The above findings established Wapl as a key contributor to DNA-releasing activity. In budding
yeast, Wapl (Wpl1) determines the turnover of cohesin on the yeast point kinetochores, the latter
being the major cohesin-loading site on every chromosome [58]. Loss of Wapl reduces the
turnover of cohesin on chromatin [67,73,74] and affects chromosome compaction [75,76]. Two
structures of Wapl derived from yeast Ashbya gossypii (AgWapl) and human (HsWapl) were
recently solved [69,77] (Figure 4A, HsWapl) and both revealed the globular and C-terminal half of
the protein [69,77]. In both structures, Wapl contains eight [39_TD$IF]Huntingtin, Elongation Factor 3,
PR65/A, TOR (HEAT) repeats forming two distinct domains. An additional crystal structure of
AgWapl contained a short Smc3-derived peptide that was suggested to correspond to an
interaction region [77]. However, the observed binding region on HsWapl was not found to be
necessary for any interaction with cohesin [69] and structural alignment with the recently
obtained Smc3-Scc1 structure [38] suggests steric hindrance, incompatible with the hypothesis
that Smc3 interacts with Wapl at this site[40_TD$IF].
Despite being crystallised with no interacting proteins, functional analysis assisted by the HsWapl
structure revealed important regions for the function of Wapl [69]. The N-terminal half of Wapl
(1–600; not present in the crystal structures and probably not folded) mediated the interaction
with both Scc3 (region 500–580) and Pds5 (residues 1–450), whereas a region in the crystallised
C-terminal part interacted with the trimeric Smc/Scc1 ring (region 647–684). Importantly, neither
the N- or C-terminal half of Wapl was as efficient in binding cohesin as the full-length protein.

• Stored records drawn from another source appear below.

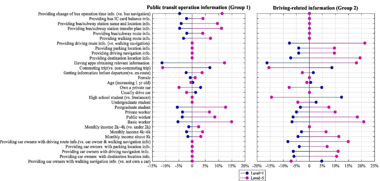 Fig.5. Partial effects for public transit usage information and driving related information (Groups 1 and 2).
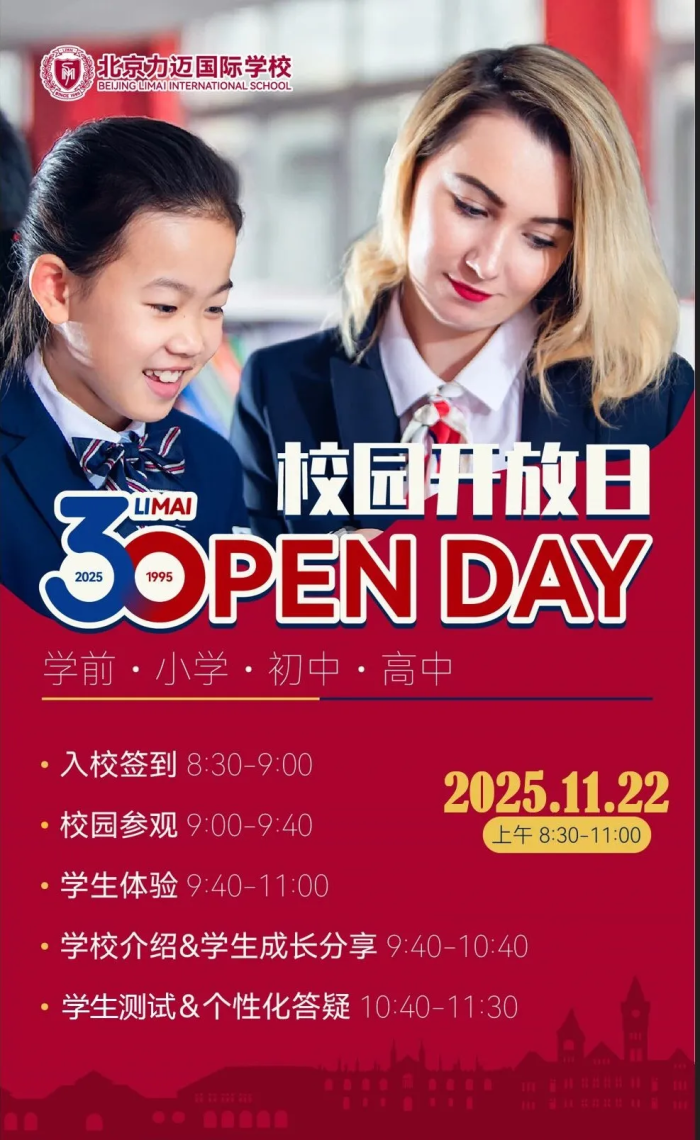 在为孩子挑选合适的教育道路时,家长们往往会感到迷茫。究竟什么样的学校能为孩子提供卓越的教育,助力他们走向美好的未来呢?11 月 22 日(周六),北京力迈国际学校将举办校园开放日活动,为家长和孩子们提供了一个深入了解这所学校的好机会。
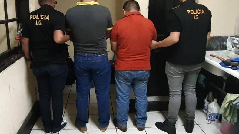Fueron sorprendidos en Los Álamos, zona 18 capitalina, frente a un restaurante en donde habían citado a su víctima para recibir el pago ilegal.
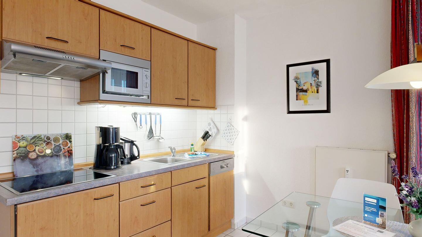 * Küchenzeile mit Spülmaschine, Ceranfeld, Mikrowelle, Kaffeemaschine, Toaster und Kühlschrank mit Gefrierfach

Scc3/SA2: A Large HEAT Repeat Protein Involved in the Prophase-Releasing Pathway
The most dramatic manifestation of the release of cohesin from DNA is the prophase/prometaphase pathway found in vertebrates [66]. At the onset of mitosis, most of the cohesin loaded
on chromosome arms is removed by a wave of releasing activity that strips cohesin off the
chromatin. Even so, a significant pool of cohesin at centromeres (and at their close proximity)
remains intact and functional [66]. This cohesive population keeps sister chromatids attached
[8,78] and confers their biorientation and eventual alignment of the chromosomal complement at
metaphase [79]. Thus, the obvious questions arising are: what is the effector removing cohesin
from the arms and what is protecting centromeric and pericentric cohesin from this removal?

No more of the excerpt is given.